Frances McDonald

Frances McDonald

Year in review: February in Oak Bay

Oak Bay High unfortunately made headlines after a bullying incident ended the junior boys basketball team season

  • Dec. 29, 2016 12:00 p.m.

• Oak Bay High unfortunately made headlines after a bullying incident ended the junior boys basketball team season.

A media storm erupted when the team was slated to start city championships. Piet Langstraat, superintendent Greater Victoria School District, told several media outlets that in January an inappropriate photo was taken during a road trip and was subsequently posted on social media. That resulted in significant bullying. While the season ended in a police file, there was no criminal investigation.

• Oak Bay reminded residents to “be aware and be observant,” after a girl reported being approached by a man in Windsor Park. Police were called around 7 p.m. Jan. 29 after a 10-year-old girl was approached by a man while she played with friends. She told police the man approached her and she felt afraid and uncomfortable. She called out to her friends and they all went to the girl’s home to tell her parents. The girl was not harmed.

• Oak Bay Firefighter John Ballantyne gathered donations as he prepared to be among a crew of 13 from Canada and the U.S. deployed with Firefighters Without Boarders Canada to for Lima, Peru.

• Cairine Green asked council to explore options to provide temporary and/or transitional housing to Syrian refugee families seeking to settle in the municipality. Green called for a mayor’s task force or leadership team and a municipal staff report to outline what housing options, if any, are available, such as vacant legal in-law accommodation, vacant rental housing and the municipally owned house at 1531 Hampshire Rd.

While the property did not become housing for Syrian refugees, it started a months-long conversation on potential uses for municipally-owned properties, that continues in 2017.

• Bob Carter created a special gift as a thank you for the municipality to offer. He donated the first six works of art.

“The community and council appreciate the kind and generous donation of Bob Carter. Not only did he have the artistic vision but he had the kindness to donate six of these and we are very grateful,” said Oak Bay Mayor Nils Jensen. The first was presented to longtime staffer Loranne Hilton, who left Oak Bay to become CAO at the District of Highlands.

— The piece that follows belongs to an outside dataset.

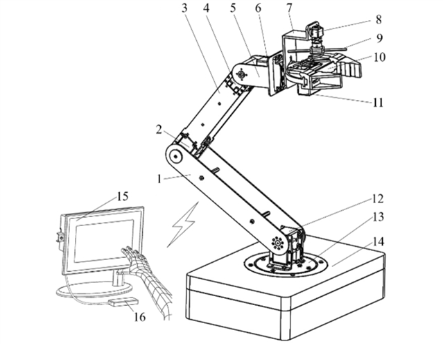 注:1, 大臂;2, 肘关节电机;3, 小臂;4, 腕关节电机;5, 前臂;6, 腕扭转关节电机;7, 支架;8, 果梗切割电机;9, 双刃割刀;10, 末端执行器;11, 末端执行器电机;12, 肩关节电机;13, 腰关节;14, 基座;15, PC机;16, Leap Motion。
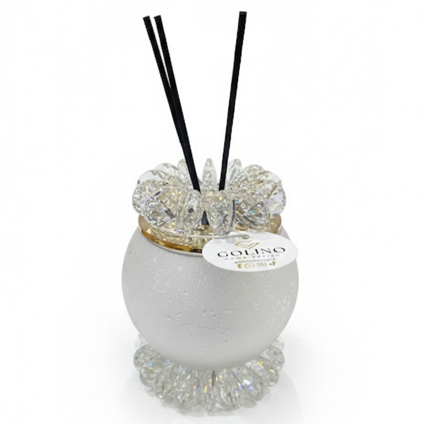 Dettagli Luxury in Cristallo: Il colletto superiore e la base sono impreziositi da ghiere in cristallo sfaccettato, che donano brillantezza e un carattere regale al diffusore.

• Despite opening a day early with little publicity, the aisles were packed with shoppers getting a first look – and taste – of the new Red Barn Market on Oak Bay Avenue. At a little more than 6,000 square feet, the fifth store in the Red Barn Market family offers everything shoppers have come to count on, including an exceptional produce section and signature items from the markets’ smokehouse.

• Oak Bay’s municipal hall was one of 40 venues across B.C. that lit up in purple as part of the Provincial Eating Disorders Awareness campaign’s third annual event in support of eating disorder awareness.

• Greater Victoria School District approved an alternative to the usual turf for the Oak Bay High field after parents raised health concerns about the use of crumb rubber pellets commonly used as underlay for artificial turf.

• Vancouver Island-Central Coast finished fifth at the BC Games with 53 medals: 14 gold, 23 silver and 16 bronze.

Figure skater Emily Walzak of View Royal, who regularly trains in Oak Bay was among the gold medal winners.

Oak Bay’s Horwood twins finished in the top four with Christopher skating a personal best – his goal for these Games – and earned bronze medal in the process.

The zone’s rhythm gymnastics team achieved its goal as well at the Games – do do well in the team competition. The Vancouver Island – Central Coast foursome finished second. Willows elementary student Elisabeth Foss (photo) and her teammates at Victoria Rhythmic Gymnastics Club, Michaela Brennan, Katherine Evans and Lily Williams, brought home a silver medal.